Article Overview
Three days after Anthropic launched Claude Fable 5 as its most capable public AI model, the US government applied export controls that forced Anthropic to shut it down for everyone on earth — not because the model was dangerous in the way initially feared, but because Amazon researchers had found a way to bypass one of its safety classifiers.
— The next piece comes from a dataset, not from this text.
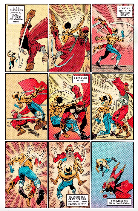 Of course, things get a little too intense when Robert Wadlow comes back and runs a sword through the young Shaolin Lad. I’m not quite sure what to make of Fu Jitsu himself traveling into the same meta-history to pull Wadlow back to the present. The present, by the way, is colored normally, but retains the pulpy, excitable narration banners of the imagined Silver Age version of this comic.

What followed was eighteen days of emergency coordination between Anthropic, Amazon, Microsoft, Google, and multiple US government agencies — and the clearest public window into how AI safety, government regulation, and frontier model deployment actually collide in practice.
This article covers the full timeline from launch to shutdown to restoration, what Anthropic's investigation found about the actual severity of the bypass, how the new safety classifier works and why it blocks more benign requests as a side effect, and the most consequential outcome of the whole episode: a joint industry framework for scoring jailbreak severity that Amazon, Microsoft, and Google are now developing alongside Anthropic. If you want to understand how governments are starting to govern frontier AI — and what the rules of that relationship look like — this is the clearest case study that exists.
Introduction
On June 9, 2026, Anthropic launched Claude Fable 5 — its most capable AI model ever made publicly available — alongside Claude Mythos 5, a more powerful restricted version for vetted cybersecurity and research partners. The launch was the culmination of months of safety work, including three new classifiers, an expanded safety margin, and a tiered access system specifically designed to keep the most capable cybersecurity features away from general users.
Three days later, it was all shut down.
On June 12, the US government applied export controls to both models under authority that took effect immediately. Because the order required restricting access to foreign nationals — and Anthropic had no reliable way to verify nationality in real time — the only option was to suspend access for every user on the planet, not just those outside the United States.
What triggered the order was a report from Amazon researchers describing a method of bypassing Fable 5's safeguards to identify software vulnerabilities. In one case, the model had produced code demonstrating how a vulnerability could be exploited.
By June 30, eighteen days later, the export controls had been lifted. On July 1, Fable 5 returned. But the period between shutdown and restoration produced something more significant than a redeployment announcement: a new industry framework for assessing jailbreak severity, four formal commitments to deeper US government collaboration, and the most detailed public explanation of how Anthropic's safety classifiers actually work that the company has ever published.
The Complete Timeline
| Date | Event |
|---|---|
| June 9, 2026 | Fable 5 and Mythos 5 launched publicly |
| June 12, 2026 | US government applies export controls; Anthropic suspends all access globally |
| June 12–26 | Anthropic, Amazon, and government partners review the Amazon report |
| June 26, 2026 | US government approves Mythos 5 access restoration for select US organizations |
| June 30, 2026 | Export controls on Fable 5 and Mythos 5 lifted |
| July 1, 2026 | Fable 5 and Mythos 5 access fully restored |
What Triggered the Export Controls
The immediate cause was a report from Amazon researchers who had found a method of prompting Fable 5 in ways that caused it to identify software vulnerabilities. In one specific instance, the model produced code demonstrating how one of those vulnerabilities could be exploited.
The US government became aware of the report and, on June 12, applied export controls under an order that took effect the same day. The controls required Anthropic to restrict access to foreign nationals — a requirement that, combined with the absence of any real-time nationality verification system, made global suspension the only practical option.
What Anthropic's Investigation Actually Found
The two weeks of investigation that followed the shutdown produced a finding that significantly changes the picture of what actually happened.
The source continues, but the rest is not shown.